Large Field Inflation from Axion Mixing

TL;DR

This paper explores how multi-axion systems in string theory can achieve large field inflation through axion mixing mechanisms, avoiding the need for alignment of decay constants.

Contribution

It introduces a novel mechanism for large field inflation via axion mixing in string theory, bypassing the alignment requirement and analyzing associated gauge consistency conditions.

Findings

Effective super-Planckian decay constants can be generated without alignment.

Axion mixing mechanisms are common in D-brane models.

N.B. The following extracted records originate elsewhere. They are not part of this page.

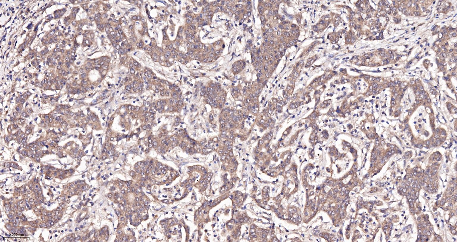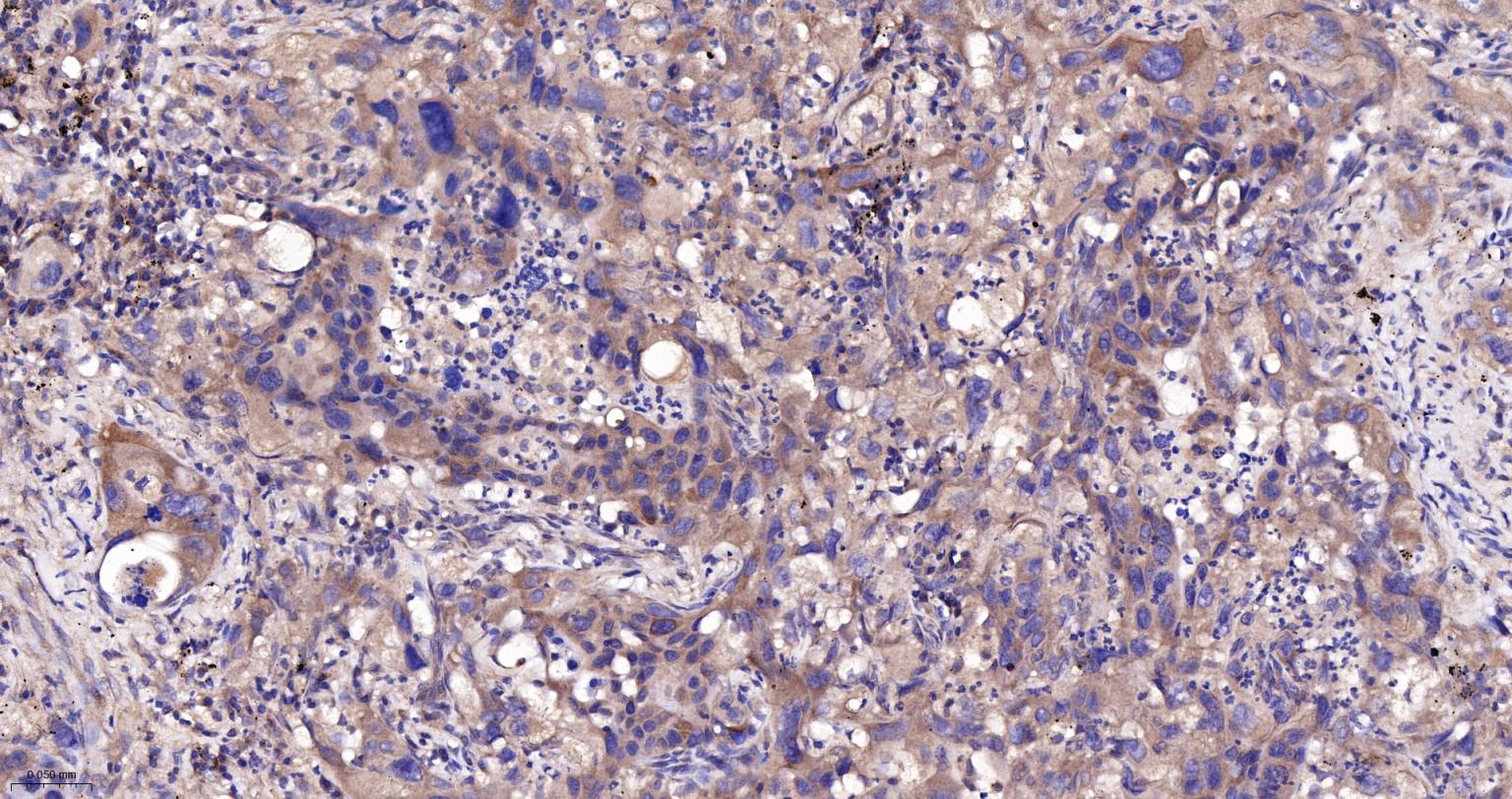 Paraformaldehyde-fixed, paraffin embedded Human Lung Cancer; Antigen retrieval by boiling in sodium citrate buffer (pH6.0) for 15 min; The section was incubated with Ubiquitin D Monoclonal Antibody, Unconjugated (bsm-61330R) at 1:200 overnight at 4°C, followed by conjugation to the bs-0295G-HRP and DAB (C-0010) staining.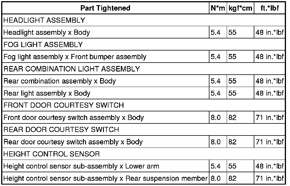 SERVICE SPECIFICATIONS: LIGHTING: TORQUE SPECIFICATIONS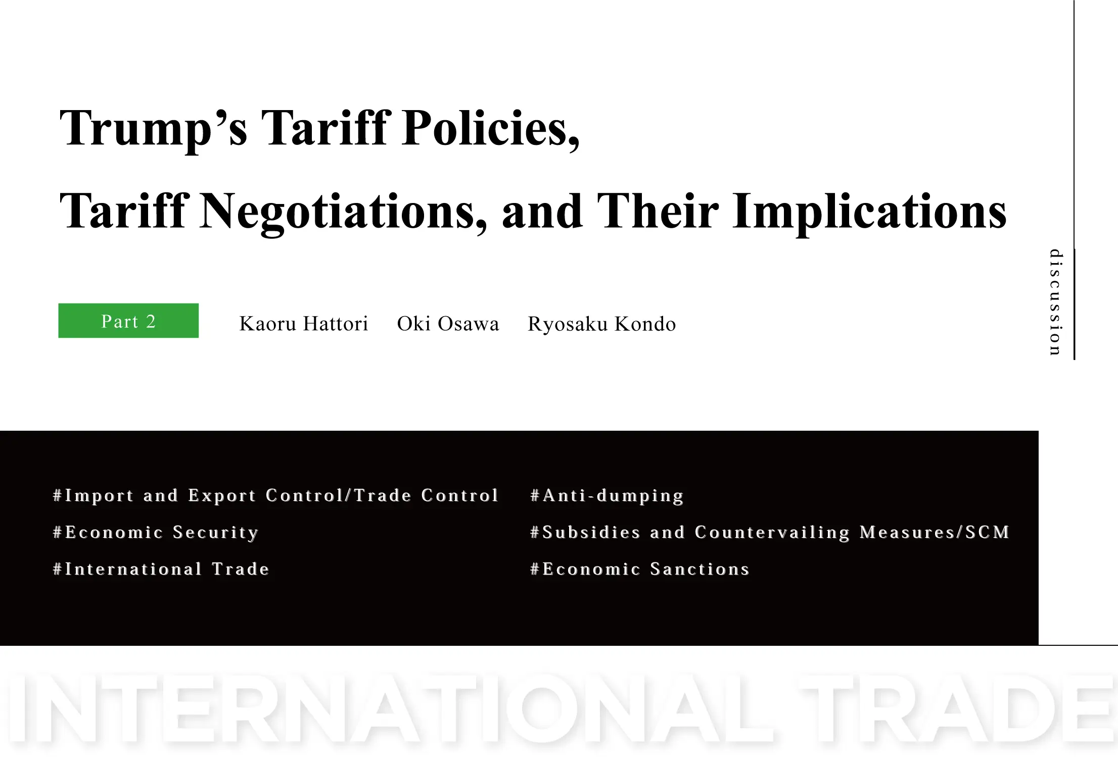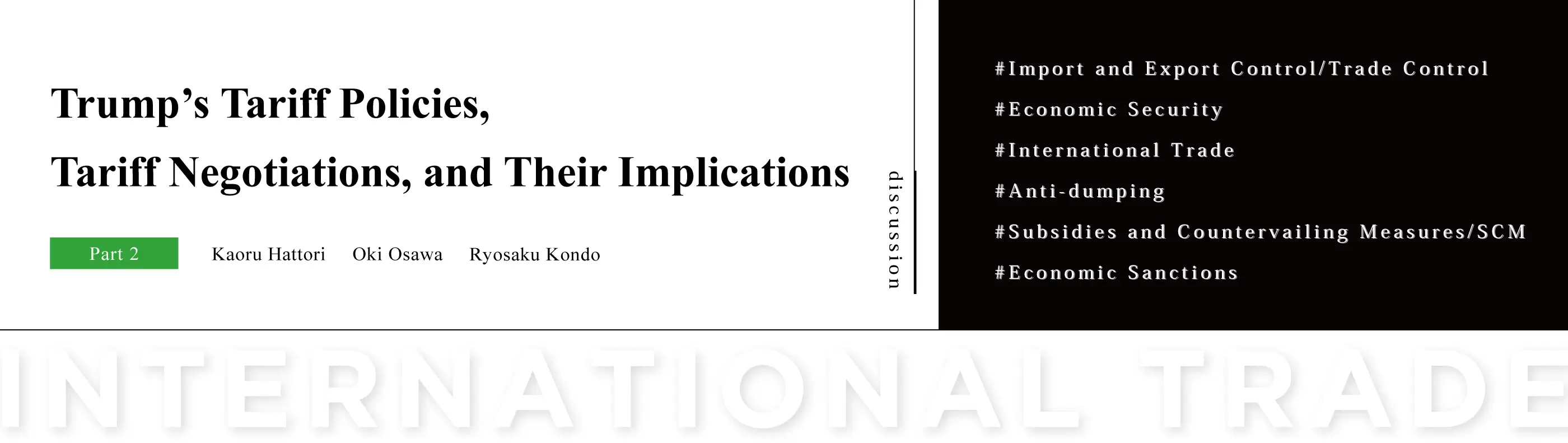 President Trump, who refers to himself as “Tariff Man,” announced a substantial increase in tariffs on imports from all countries immediately following his presidential re-inauguration in January 2025. He further declared the introduction of “reciprocal” tariffs targeting countries with large trade deficits with the United States, sending shock waves through the global economy. Following these announcements, a series of tariff negotiations ensued between various countries, and Japan was no exception. Minister Ryosei Akazawa made multiple trips to the U.S. for discussions with U.S. officials, and in July 2025, it was announced that an agreement on tariff measures had been reached between Japan and the U.S. The tariff policies of the second Trump administration have had a significant impact on Japanese companies. However, they were difficult to anticipate and were subject to revision depending on changing circumstances, even after they were announced. This left many Japanese companies struggling with how to respond. In this roundtable discussion, attorneys-at-law and trade and customs experts Kaoru Hattori, and Ryosaku Kondo, and Oki Osawa, an attorney-at-law with expertise in corporate matters from a national and economic security perspective, will examine the tariff policies of the Trump administration and the course of these negotiations. They will also share their insights on what Japanese companies should take away from them.

Explicit string models demonstrating these mechanisms are constructed.

Abstract

We study the general multi-axion systems, focusing on the possibility of large field inflation driven by axions. We find that through axion mixing from a non-diagonal metric on the moduli space and/or from St\"uckelberg coupling to a U(1) gauge field, an effectively super-Planckian decay constant can be generated without the need of "alignment" in the axion decay constants. We also investigate the consistency conditions related to the gauge symmetries in the multi-axion systems, such as vanishing gauge anomalies and the potential presence of generalized Chern-Simons terms. Our scenario applies generally to field theory models whose axion periodicities are intrinsically sub-Planckian, but it is most naturally realized in string theory. The types of axion mixings invoked in our scenario appear quite commonly in D-brane models, and we present its implementation in type II superstring theory. Explicit stringy models exhibiting all the characteristics of our ideas are constructed within the frameworks of Type IIA intersecting D6-brane models on T6/OR and Type IIB intersecting D7-brane models on Swiss-Cheese Calabi-Yau orientifolds.